Случайно перед застоявшейся сворой появилась Маша. На мгновение воцарилась зловещая тишина. Лёха вякнул: “Во-от, идё-от!” — девочка отшатнулась. — “Хватай!” Она дёрнулась и побежала. Несколько человек сорвались вслед. Ванюшка, не сознавая, тоже бросился за ней. Началась гонка. Окружающее, смешавшись в стремительном пёстром мелькании, исчезло, — раз, раз, раз, раз! Остались цель и бьющая в висках кровь, — хоп! хоп! хоп!
— !!!
— Сама она морозильная камера: “Не трогай меня, отойди, урод! Чудовище тупое!”
Кто тупое? Сама чудовище! Цветы? — пожалуйста! Концерт — конечно. В отпуск — езжай! По хозяйству. Всё прочее. Антр ну, чуть не до пупа доходит — нате, берите. Только отстаньте со своим любишь — не любишь.
— Пузик! — усмехнулся кто-то внутри. — Скоро оправдаешь псевдоним, прокладка между рулём и сидением в твоей машине начнёт походить на ухоженный пригорок.
— Да пошёл! Я пока ничего.
— Пока.
— Сказал: По-ошёл!
— Ухожу, ухожу. Но помни: Ты ста-а-рый солдат.
— Я старый солдат!
— Но до сих пор дурак!
— Эй, иди! И она пусть валит. Развод? Будет развод!
Зачинщики быстро отстали — сдались. Ванюшка бежал один. В голове вертелось: “Догнать, догнать!” Зачем? — об этом не думал. Бежал с ранцем на спине, Машка с портфелем в руке, а зацепить, остановить её не мог. Сохранялась минимальная, постоянная дистанция.

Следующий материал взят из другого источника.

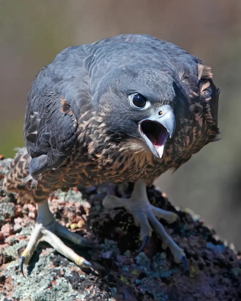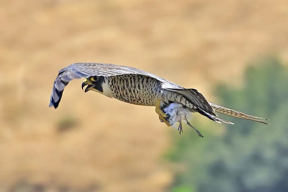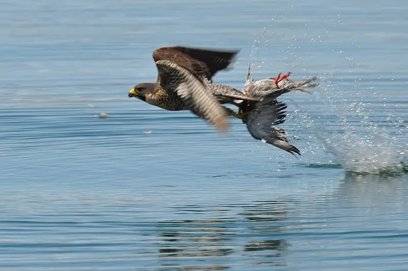 The peregrine falcon hunts in the air or from a perch. It hunts for birds and either dives on its prey from above or chases it from behind. It captures its prey with its strong, sharp talons. It is estimated that the peregrine falcon can dive at speeds of up to 200 miles per hour.

Маша влетела во двор, пронеслась над клумбой, перескочила скамейку. Портфель всё же бросила, скрылась в подъезде — по лестнице забарабанили частые шажки.
Пузик, подхватив портфель, ринулся туда же.
Когда взлетел на этаж её квартиры, услышал жёсткий щелчок замка. Дверь захлопнулась.
В сердцах стукнул ногой по косяку. Вяло, в измождении сполз по стене. Финиш!
Присев на корточках, тяжело задышал, словно рыба, ловя воздух широко открытым ртом, безуспешно промокая шёлковым пионерским галстуком ручейки пота.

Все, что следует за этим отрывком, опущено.